Read Antonelli - 03 - The Judgment Online

Authors: D. W. Buffa

Tags: #Fiction, #Mystery & Detective, #General, #Legal

Antonelli - 03 - The Judgment (8 page)

” ‘He was my father,’ she explained. ‘He told me it was the way he could show me how much he loved me. He told me it had to be our secret.’

” ‘That wasn’t the only reason though, was it?’

“Her eyes were fixed on mine, and she did not open her mouth.

We had been over all of this before. We both knew what she was going to say. She kept looking at me, and then I realized what she was doing. She was waiting for me, waiting until she was sure I was ready. She had seen it the first time she told me, the stunned disbelief, the awkward embarrassment, and she did not want that to happen to me again. It had become second nature to treat adults like children. I smiled at her and repeated the question.

” ‘That wasn’t the only reason, was it?’

” ‘No. The real reason is that I didn’t want it to stop. I liked it. That’s what everyone forgets. Sex feels good.’

“It was so deathly quiet in that courtroom that I swear you could have heard a heartbeat if you had been able to take your eyes off this woman-child on the witness stand.

” ‘But despite that, there were times when you wanted it to stop, weren’t there?’

“She hesitated, and beneath that air of worldly self-confidence there was the first glimpse of doubt. No, not doubt, certainty. She knew that it was wrong, and she knew—or she thought she knew—she could have stopped it.

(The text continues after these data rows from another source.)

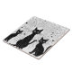 Ikonische Retro-schwarze Katzen und atomare Sternexplosionen Muster; inspiriert durch Retro-Design Mitte des Jahrhunderts.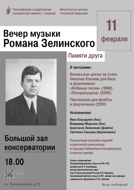 Приглашаем на виртуальный литературно-музыкальный вечер, посвященный памяти карельского композитора Романа Федоровича Зелинского. Вечер проходит в рамках лектория «Музыкальные встречи».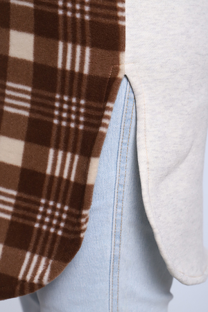 Ткань приятная и мягкая. Сочетание 2х цветов смотрится не плохо. Сиреневая клетка спереди и однотонная серая ткань сзади. Маломерит на размер, так как бедра у меня 52 обтянула. Но решила оставить вдруг похудею:)))))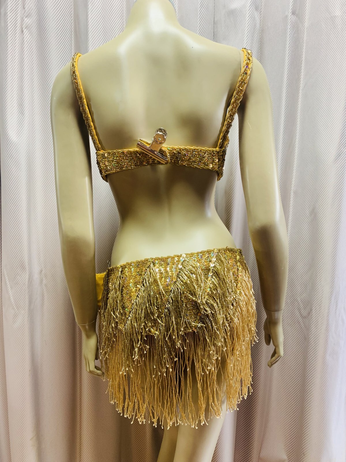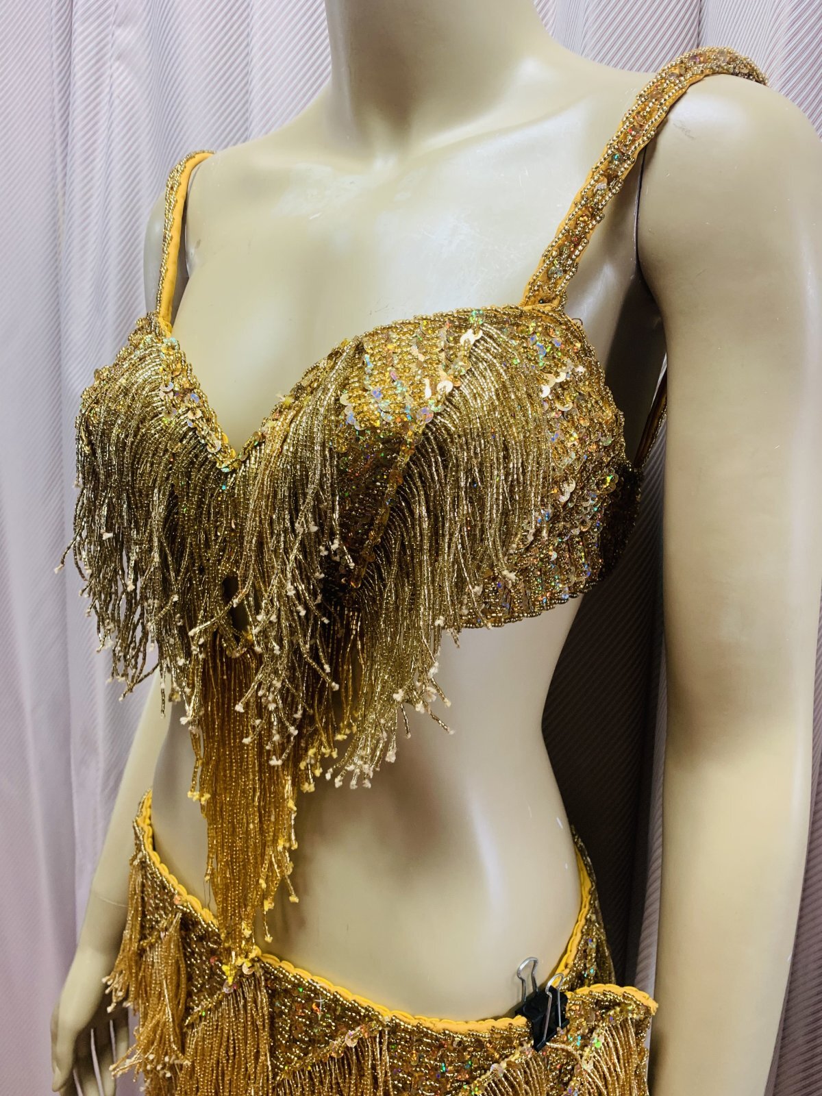 ゴールデンエラの時代を感じさせるビーズフリンジ付きのブラ&ベルト衣装。ブラベルトの便利なところは着回しができるということ!お好きなスカートと合わせてコーディネートしても良し!胸元の開いたサイーディドレスなどと合わせても良し!他にもサイーディのドレスのヒップにアクセントとしてベルトを使用するのもおすすめです昔はブラベルト衣装というと初心者向けのイメージがありましたが、オールドスタイルがお好きなプロの方にも人気があり、クラシカルな演出をしてくれるフリンジ衣装は昔と変わらず愛されている衣装です ■商品名:フリンジ付きブラベルトコスチューム■カラー:ゴールド■ブラカップ:M(約B〜Dカップ)※パットなし■アンダーバスト:最長80cm■バスト正面(右脇から左脇までの長さ):35cm■ベルト:約94cm■付属品:なし■その他・スカートは別売りとなります

” ‘Yes,’ she said, looking down at her close-clipped schoolgirl hands. ‘Sometimes I’d ask him not to.’

“It was like trespassing on evil, asking those questions. I had the strange sensation of engaging in some utterly depraved private vice.

” ‘What would he do, when you asked him not to?’

“She lifted her head, a lost look in her eyes. ‘He’d leave.’

“We were in the dark, just the two of us, falling down a bottomless black hole. ‘What would happen then?’

” ‘He’d come back.’

” ‘And then?’

” ‘And then he’d sit on the edge of the bed and tell me that he knew I really wanted to, and that it was all right because a lot of people did the same thing; and he’d tell me that he really loved me and that there was nothing to worry about because it was always going to be our secret. And he’d tell me that he’d never do anything I didn’t want him to.’

” ‘And then?’

” ‘And then I’d do what he wanted.’

” ‘But only after he made you believe it was really what you wanted?’

” ‘Yes.’

” ‘You thought it was wrong?’

“With a gesture almost identical to the one her mother had used, she bit her lip and nodded. ‘Yes.’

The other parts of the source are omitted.